» WHAT NEEDS TO BE DONE
Go to the line below that contains "Sodium PCA:是與玻". From there to the end of the records, reproduce each line exactly, except the pictures.

**** DATA

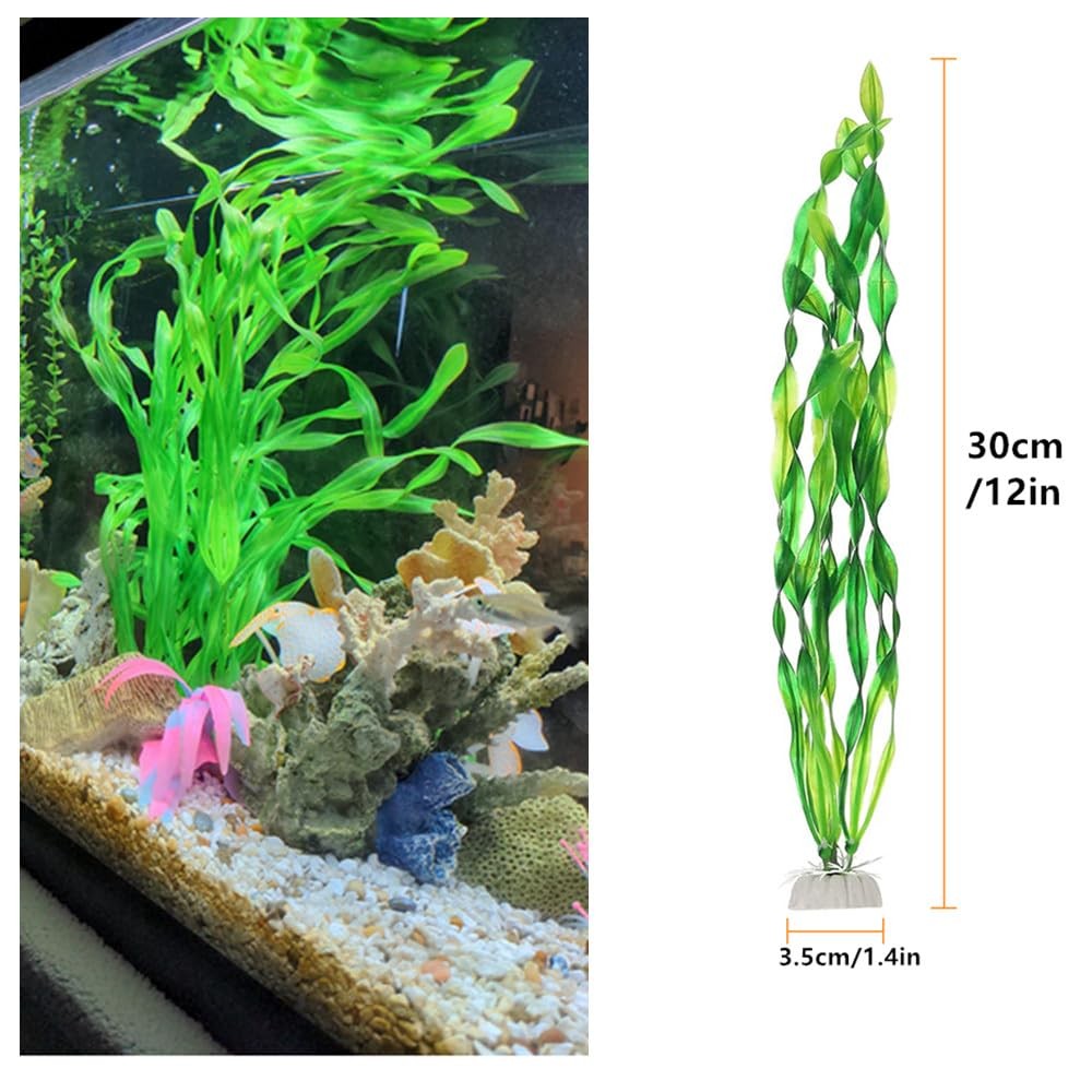 12 Pcs Green Artificial Seaweed Water Plants Plastic Fish Tank Decor
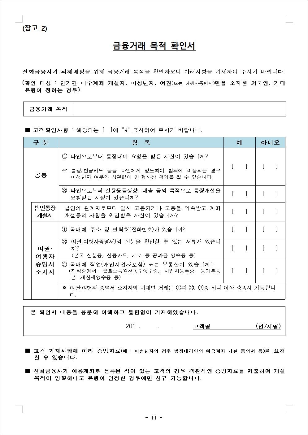 체크카드 발급에 금융거래 목적 확인서를 씁니다(!)
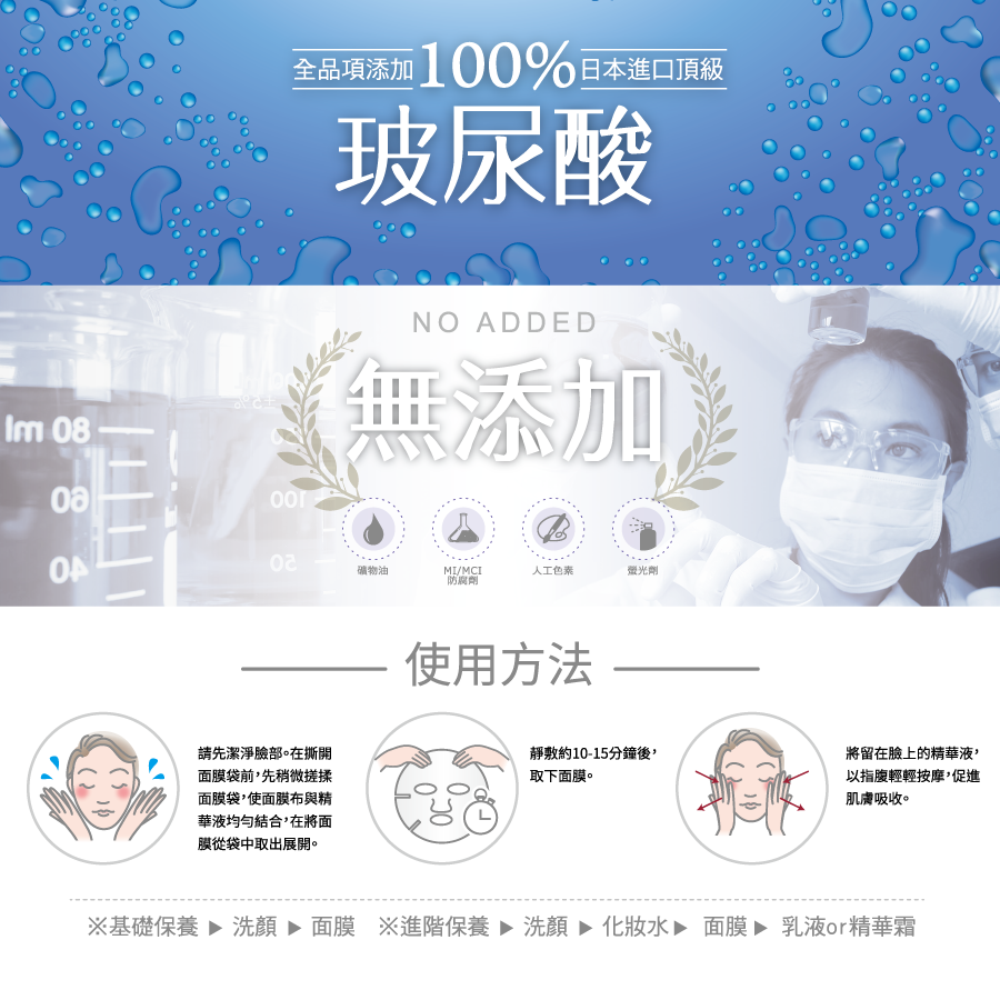 Sodium PCA:是與玻尿酸最好的組合成分;維生素B3:強化肌膚,促進蛋白質再生。
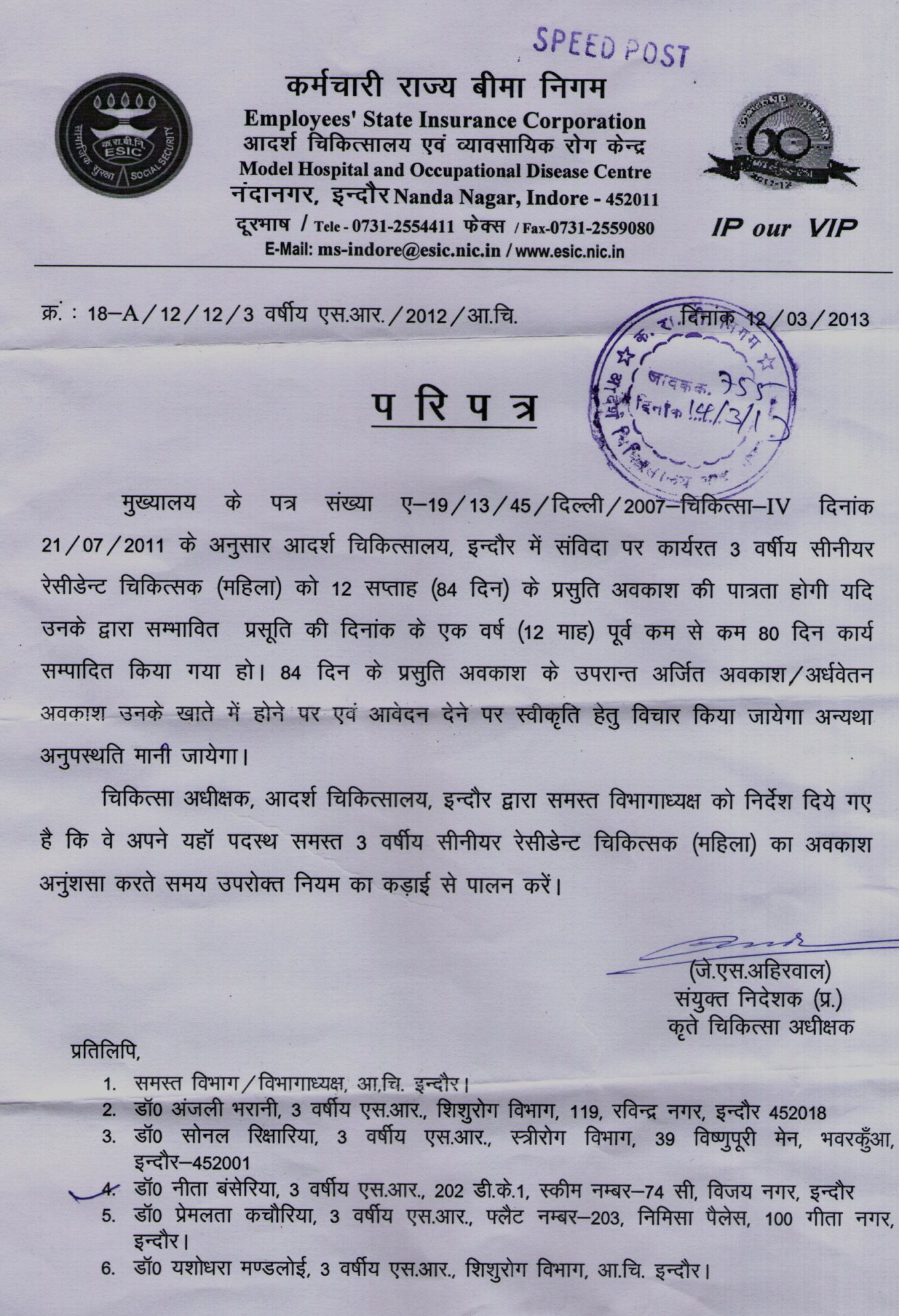 RE: ML of senior resident at ESI corp. Hospital Indore
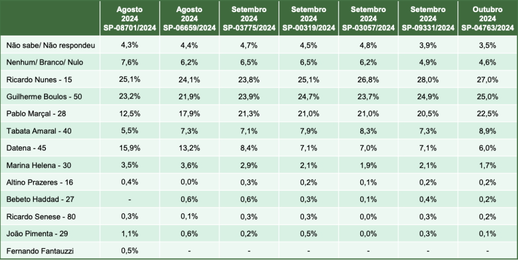 Em praticamente todas as pesquisas, os cenários são de empate técnico entre os três principais concorrentes à Prefeitura de São Paulo. Apenas o instituto Veritá mostra Marçal consolidado em primeiro lugar.
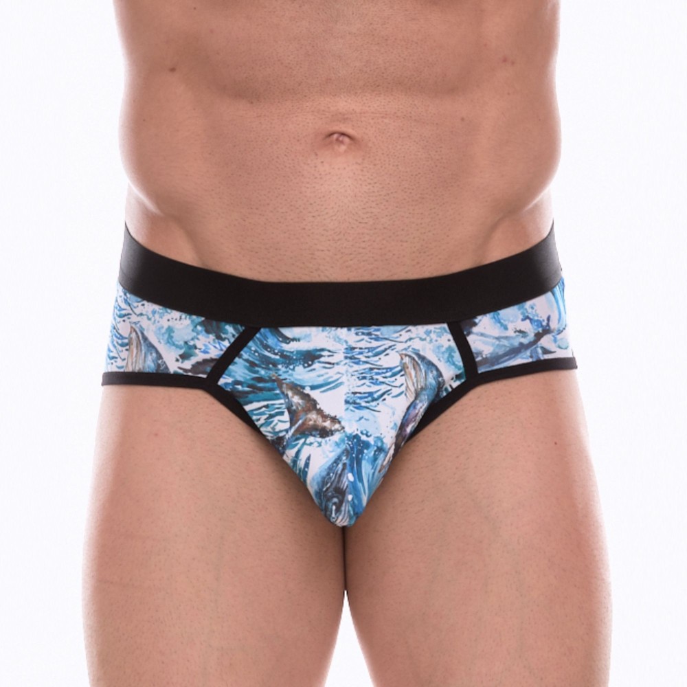 Мужские трусы-стринги с принтом в виде китов в волнах
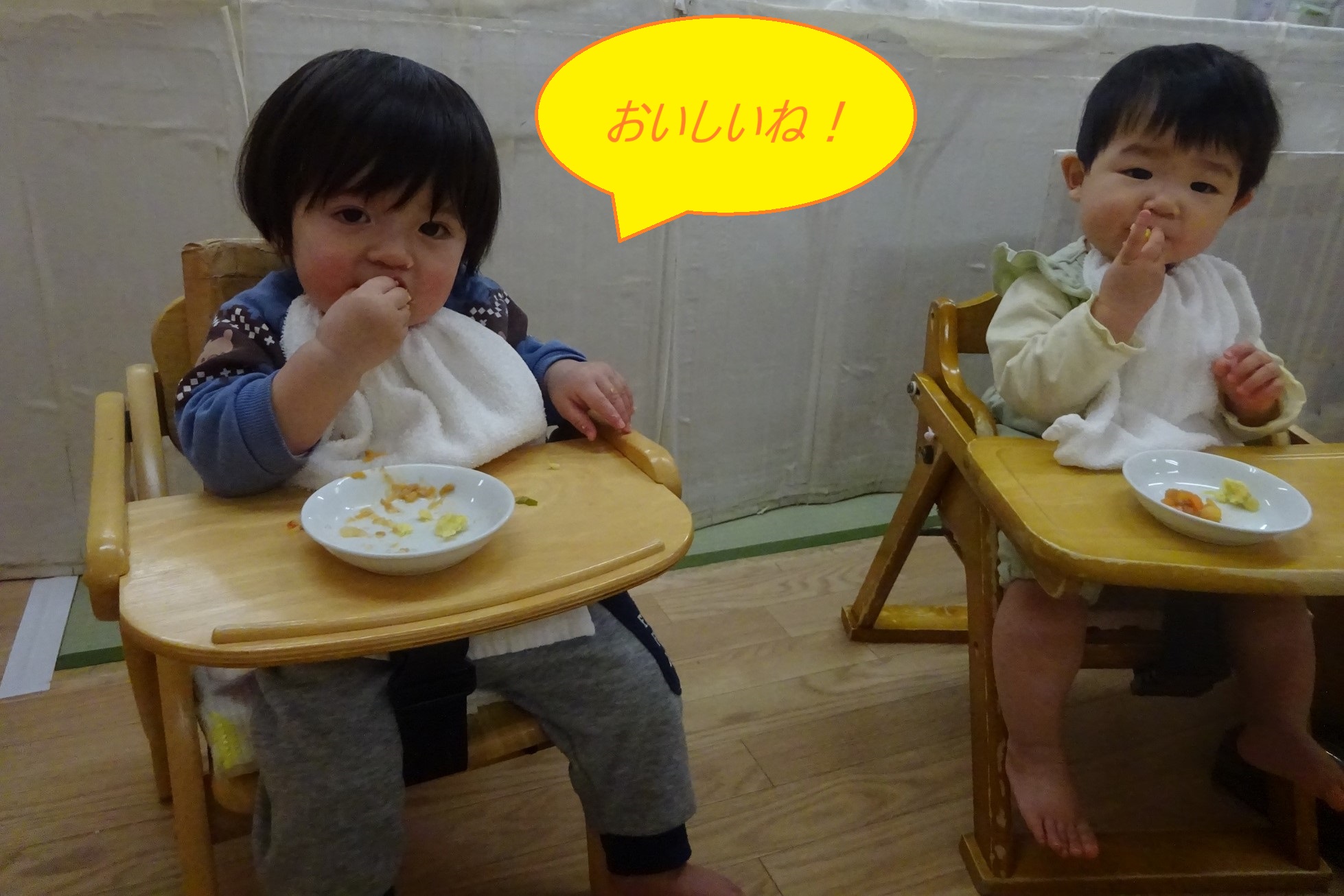 食べ物にも興味を持ち、手づかみで食べたりゆったりとした雰囲気の中、保育者と食事をすすめます。

********

» RESULT FOR THIS TASK
 Sodium PCA:是與玻尿酸最好的組合成分;維生素B3:強化肌膚,促進蛋白質再生。
 RE: ML of senior resident at ESI corp. Hospital Indore
 Em praticamente todas as pesquisas, os cenários são de empate técnico entre os três principais concorrentes à Prefeitura de São Paulo. Apenas o instituto Veritá mostra Marçal consolidado em primeiro lugar.
 Мужские трусы-стринги с принтом в виде китов в волнах
 食べ物にも興味を持ち、手づかみで食べたりゆったりとした雰囲気の中、保育者と食事をすすめます。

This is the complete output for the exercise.